Top of Task material

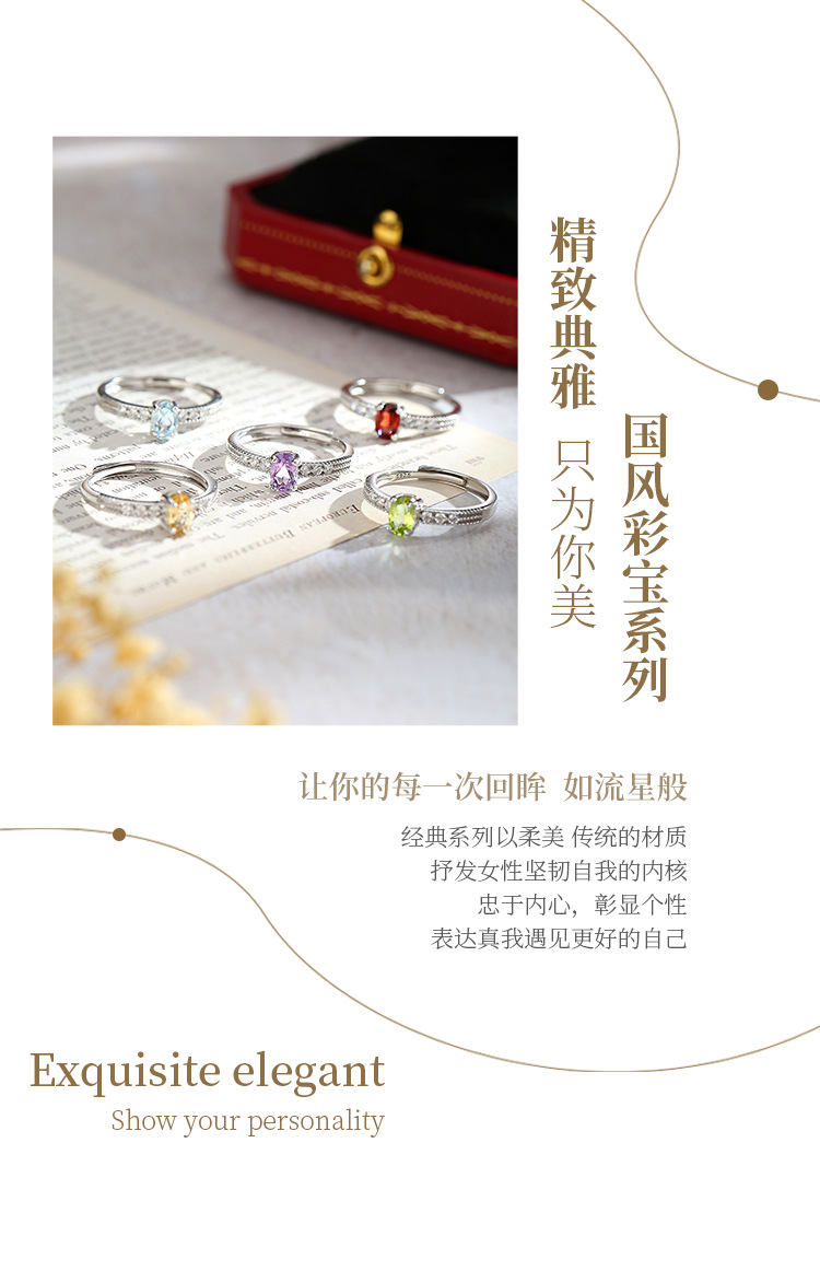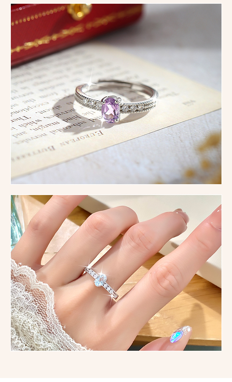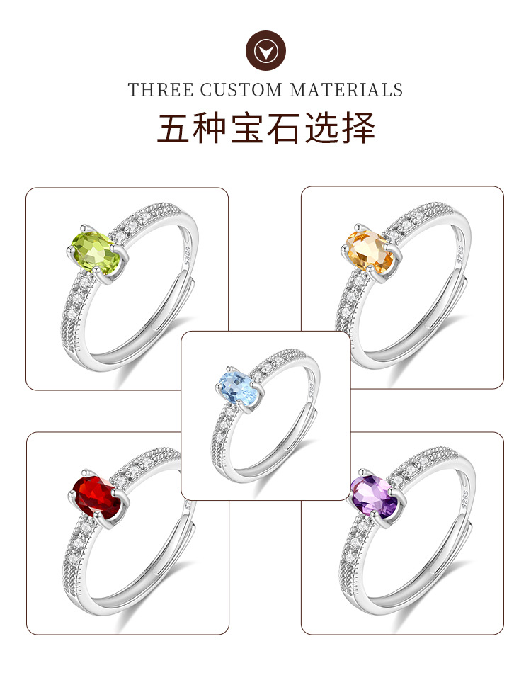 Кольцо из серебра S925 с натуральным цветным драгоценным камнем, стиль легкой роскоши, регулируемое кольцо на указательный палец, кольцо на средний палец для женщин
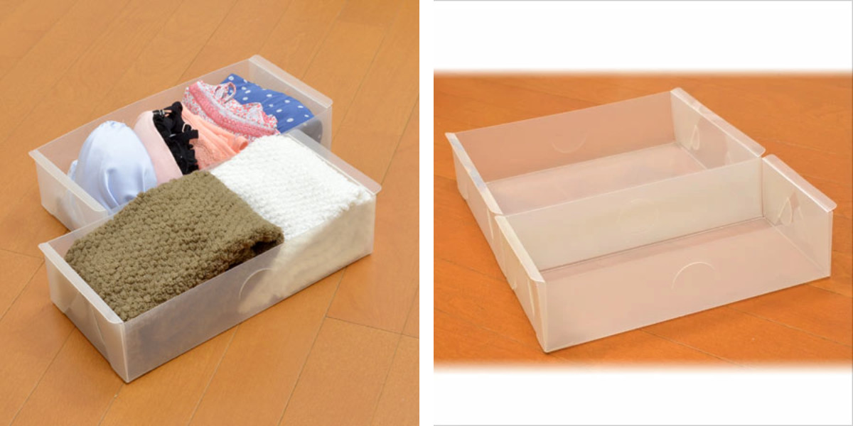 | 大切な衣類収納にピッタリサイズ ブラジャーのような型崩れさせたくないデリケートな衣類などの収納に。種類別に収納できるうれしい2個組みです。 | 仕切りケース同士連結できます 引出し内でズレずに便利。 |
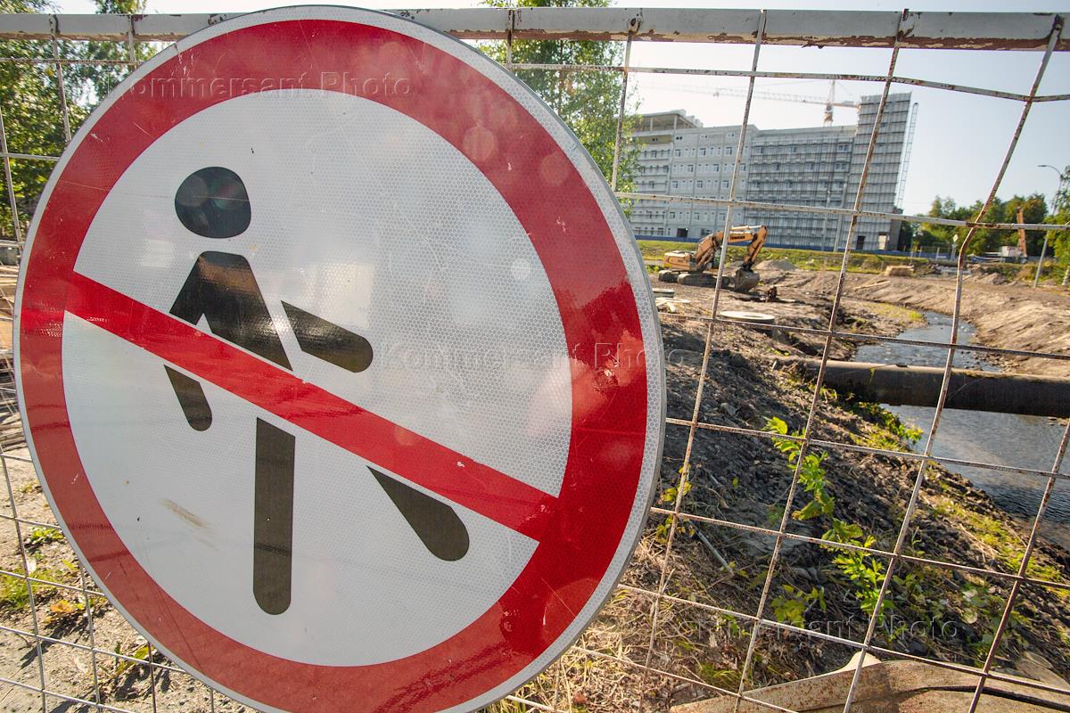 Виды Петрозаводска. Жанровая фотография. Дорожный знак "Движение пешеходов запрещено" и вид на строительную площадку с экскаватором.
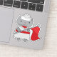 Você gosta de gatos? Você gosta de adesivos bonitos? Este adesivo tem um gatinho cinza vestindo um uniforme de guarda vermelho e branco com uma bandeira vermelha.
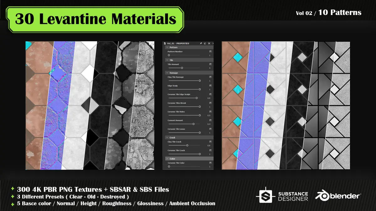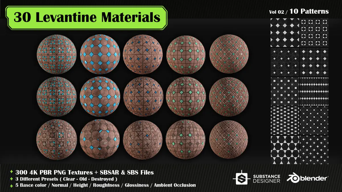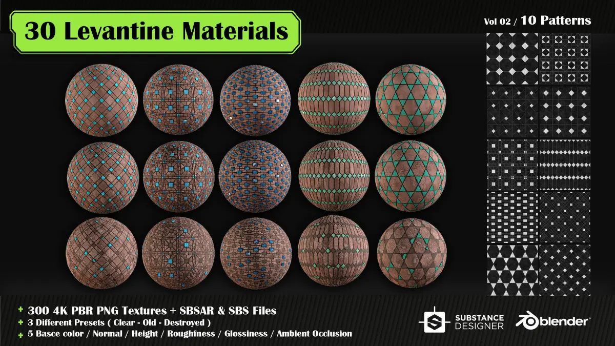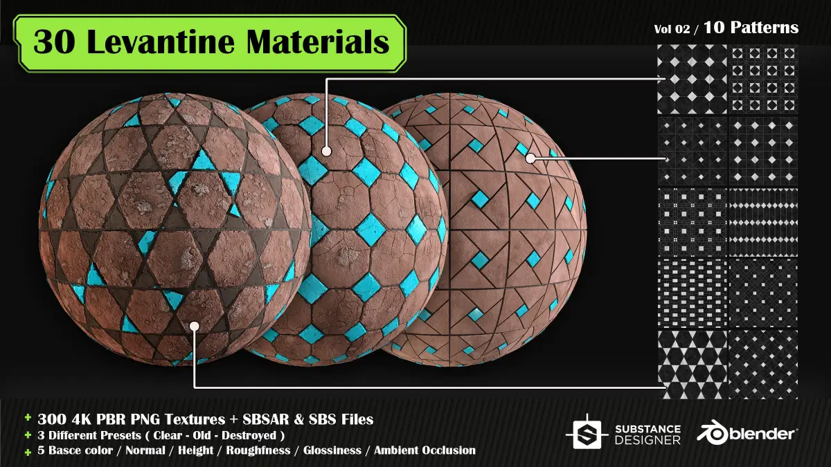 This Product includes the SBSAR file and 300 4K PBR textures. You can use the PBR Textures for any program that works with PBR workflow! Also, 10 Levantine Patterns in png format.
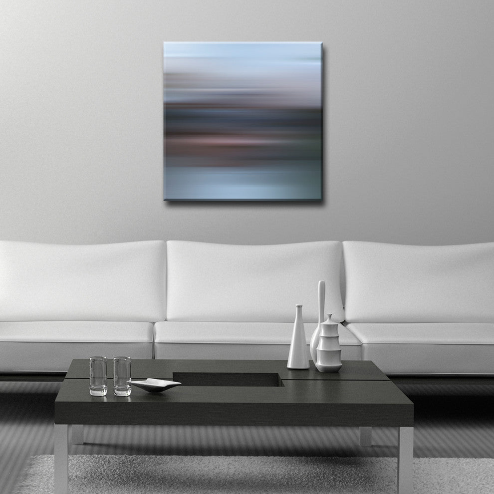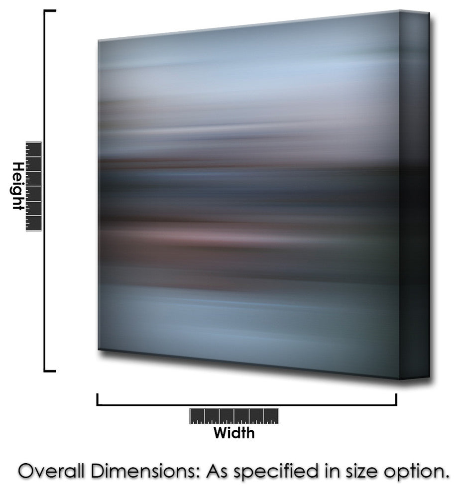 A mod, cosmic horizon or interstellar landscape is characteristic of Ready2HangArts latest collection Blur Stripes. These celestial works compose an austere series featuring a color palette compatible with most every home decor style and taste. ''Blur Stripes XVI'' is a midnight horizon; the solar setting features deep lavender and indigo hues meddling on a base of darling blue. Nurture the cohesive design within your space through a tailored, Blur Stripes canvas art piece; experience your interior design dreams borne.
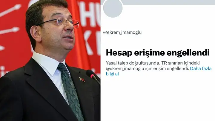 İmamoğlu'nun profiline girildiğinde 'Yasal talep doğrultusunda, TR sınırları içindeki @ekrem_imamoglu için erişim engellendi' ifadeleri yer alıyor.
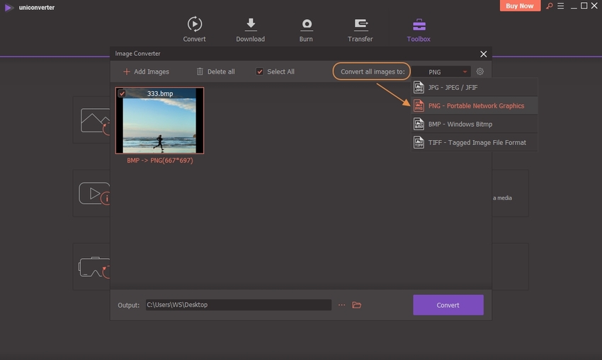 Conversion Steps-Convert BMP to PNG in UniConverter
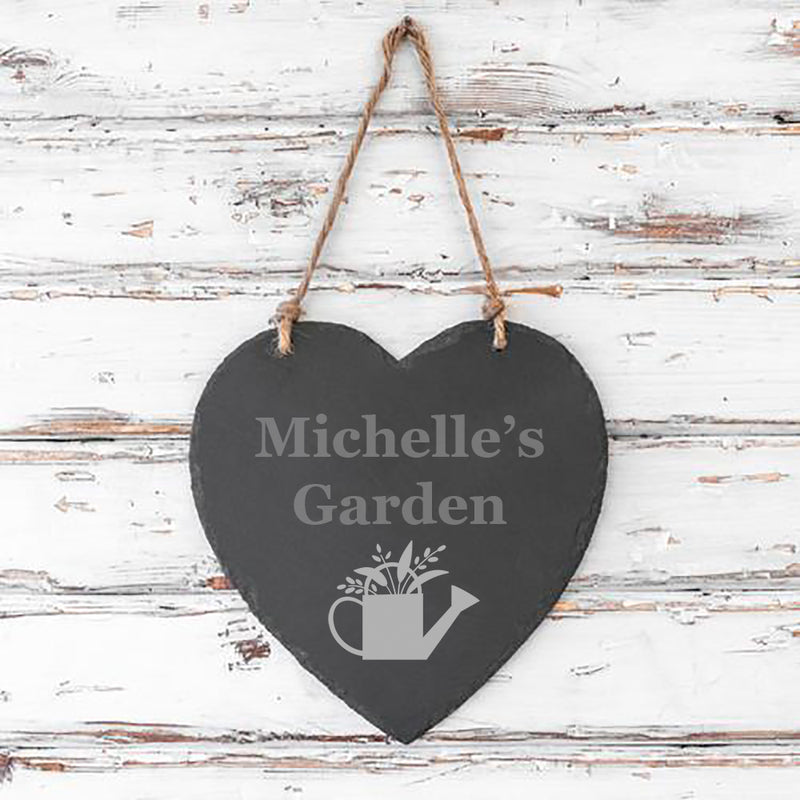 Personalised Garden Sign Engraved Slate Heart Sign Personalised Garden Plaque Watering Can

Bottom of Task material

- _What to produce_: In the entries above, find the line containing "Виды Петрозаводска. Жанровая" and the line containing "Você gosta de gatos?", then copy both and every line between them exactly, without any picture.

- _Your response_:
 Виды Петрозаводска. Жанровая фотография. Дорожный знак "Движение пешеходов запрещено" и вид на строительную площадку с экскаватором.
 Você gosta de gatos? Você gosta de adesivos bonitos? Este adesivo tem um gatinho cinza vestindo um uniforme de guarda vermelho e branco com uma bandeira vermelha.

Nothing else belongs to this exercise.